## Data Analysis in Python
_Author: Ioann Dovgopoliy_

## Seminar 5

### Seminar outline

* Multiple assignment
* Split & join
* For loop & list comprehension
* While loop
* Map & reduce
* Summary
* Practice

### Multiple assignment
Multiple assignment is the way to define a few variables simultaneously. For instance, you want to define `a = 5` and `b = 2`. How can you do it? In traditional way:

In [16]:
a = 5
b = 2

But another option is possible:

In [1]:
a, b = 5, 2 # you can specify any number of variables

Why is it useful? Why do not to use a traditional way? Imagine you have a list `some_list = [5, 2]`. You would like to store the first element as variable `a` and the second as variable `b`. Possible way to do it:

In [2]:
some_list = [5, 2] # define list

a = some_list[0] # first element
b = some_list[1] # second element

But it can be shorter and more elegant using multiple assignment! Let's see:

In [3]:
some_list = [5, 2]

a, b = some_list # the way to "unpack" your list (other collections can be unpacked too)

You can change elements of your list simultaneously just like that. For instance, you want to swap first and last elements of the list. Traditional way is rather bulky:

In [14]:
another_list = [5, 1, 0, 8] 

first_elem = another_list[0] # define variable for the first element
last_elem = another_list[-1] # define variable for the last element

another_list[0] = last_elem # reassign the first element to the last element
another_list[-1] = first_elem # reassign the last element to the first element

print(another_list)

[8, 1, 0, 5]


Multiple assignment is an optimal resolution:

In [15]:
another_list = [5, 1, 0, 8]

another_list[0], another_list[-1] = another_list[-1], another_list[0] # just swap them

print(another_list)

[8, 1, 0, 5]


### Split & join
**Issue.** What ways to create list do you remember?

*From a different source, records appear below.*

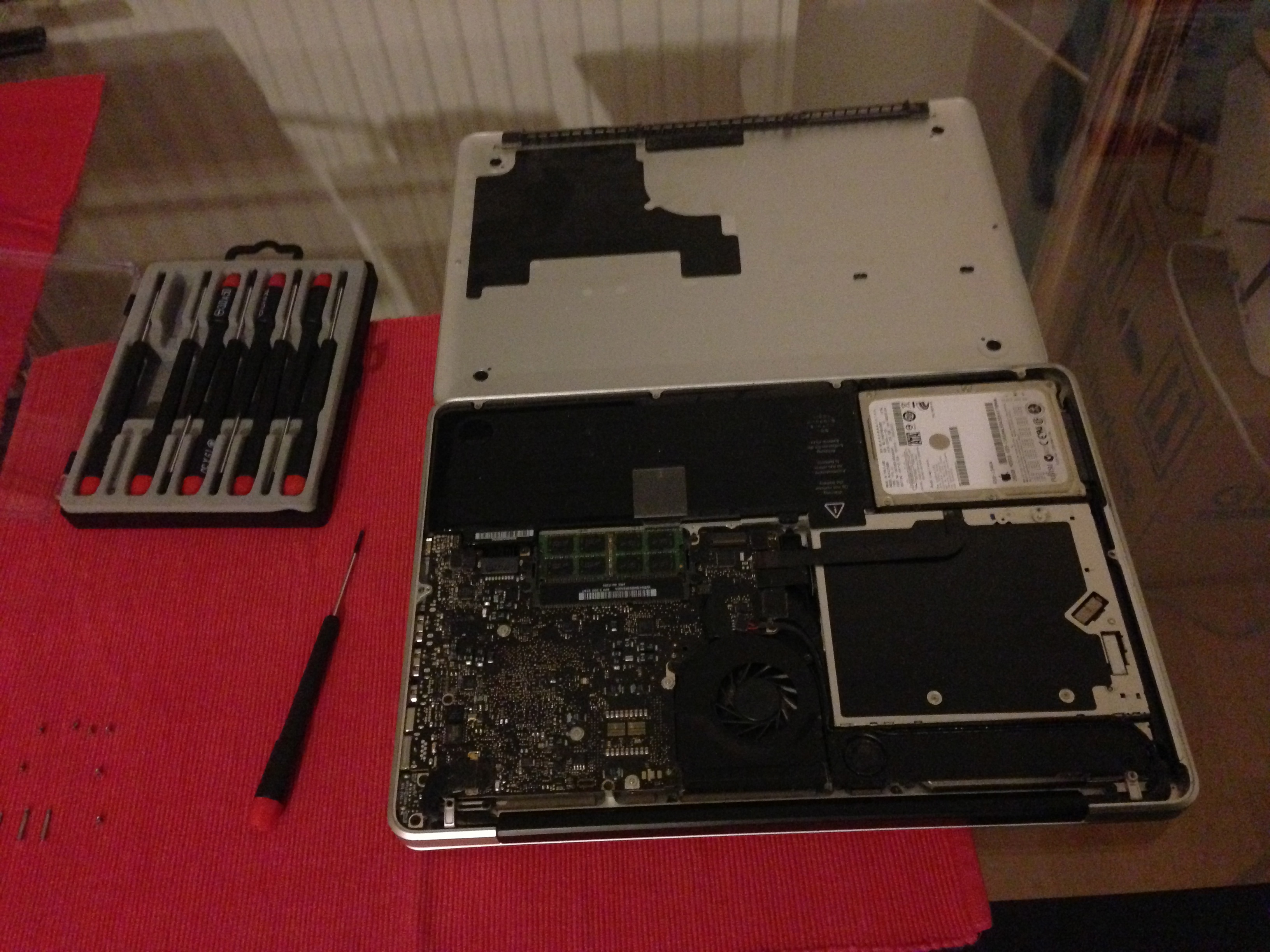 Ich lege die Schrauben immer exakt so neben das Macbook, wie ich sie ausgebaut habe.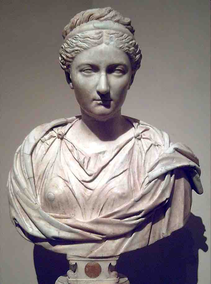 This profile view of Pompeia Plotina shows the long braid worn behind the crown-like pile of hair in the front.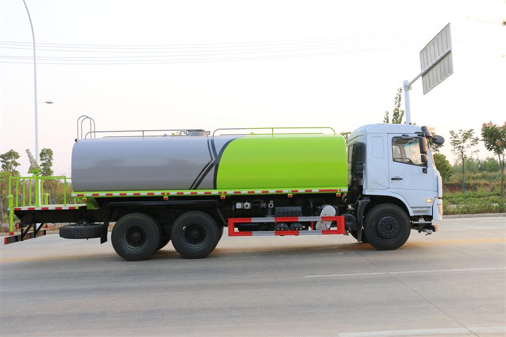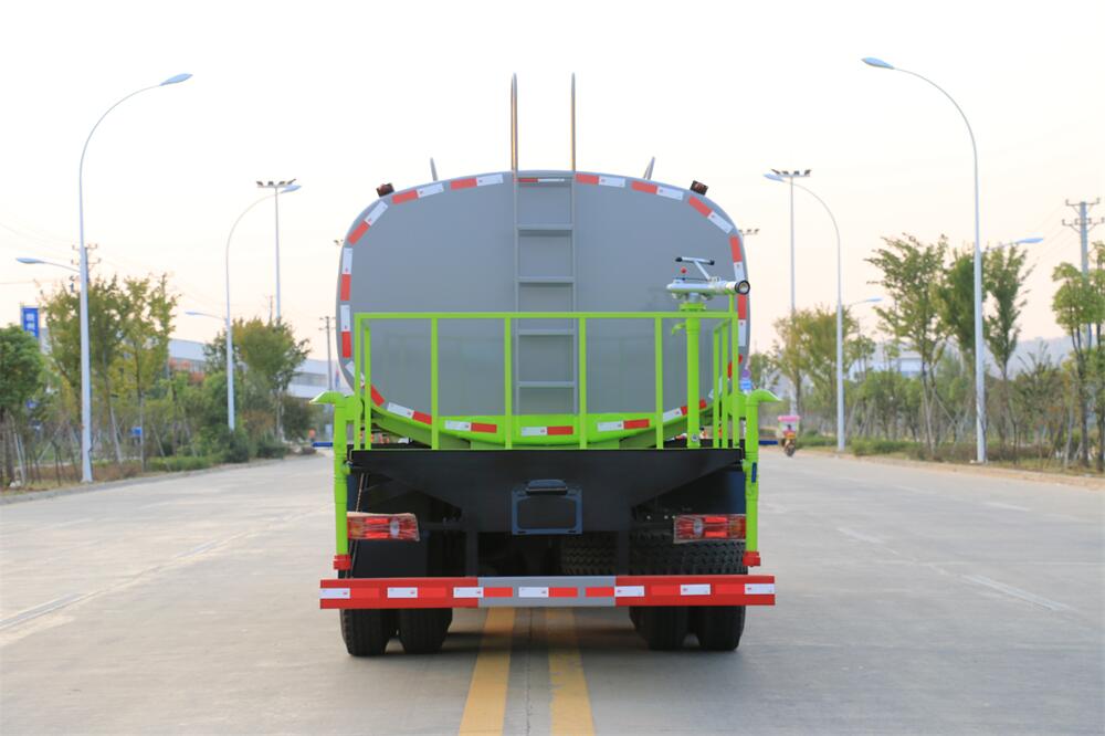 灑水車前裝有鴨形噴嘴或圓頭沖嘴,后面裝有圓柱開(kāi)灑水噴嘴或蓮蓬頭噴嘴,后部有一工作平臺(tái),裝配有水炮。后部還可裝8個(gè)噴嘴(選裝)。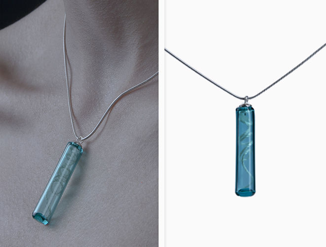 Це унікальна прикраса, яка буде особливо цінною в епоху самовираження і індивідуальності. Усередині скляного кулона зберігається нитка з вашої ДНК, яка збереже інформацію практично навічно. Ви можете вибрати колір (від прозорого до смарагдового) і форму (кругла, у вигляді циліндра, витягнутої краплі, кулі або застиглої лави). А ще це прикраса виглядає дуже оригінально і несе в собі сенс, що людина цінна сама по собі, без зайвих брендів.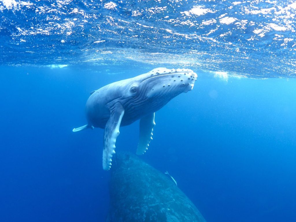 ザトウクジラは成体の体長約12~14メートル、体重約30トン超にもなる大型のクジラ。夏場はロシアやアラスカなどの冷たい海で餌を食べ、冬季に繁殖や子育てのため、国内では沖縄や小笠原などの暖かい海域へ移る。奄美近海でも子クジラが誕生しており、毎年里帰りする個体も確認されている。

How it can be made from a string using `list()` function:

In [18]:
future_list = 'I want to become a list.'

happy_list = list(future_list)

print(happy_list)

['I', ' ', 'w', 'a', 'n', 't', ' ', 't', 'o', ' ', 'b', 'e', 'c', 'o', 'm', 'e', ' ', 'a', ' ', 'l', 'i', 's', 't', '.']


In this case the list is splitted by _each character_. But can we specify the split, e. g., for example, split the sentence by its words? Of course, we can. We just need to remember how the words in a sentence are divided (spoiler: using whitespaces) and use the nice `.split()` method (it is a **string**, not list method):

In [20]:
future_list.split(' ') # specify separator as an argument (by default it is whitespace)

['I', 'want', 'to', 'become', 'a', 'list.']

In [21]:
future_list.split() # string becomes a list

['I', 'want', 'to', 'become', 'a', 'list.']

If we are able to travel from strings to list, is it possible to go reversely? Here the `.join()` method can help us.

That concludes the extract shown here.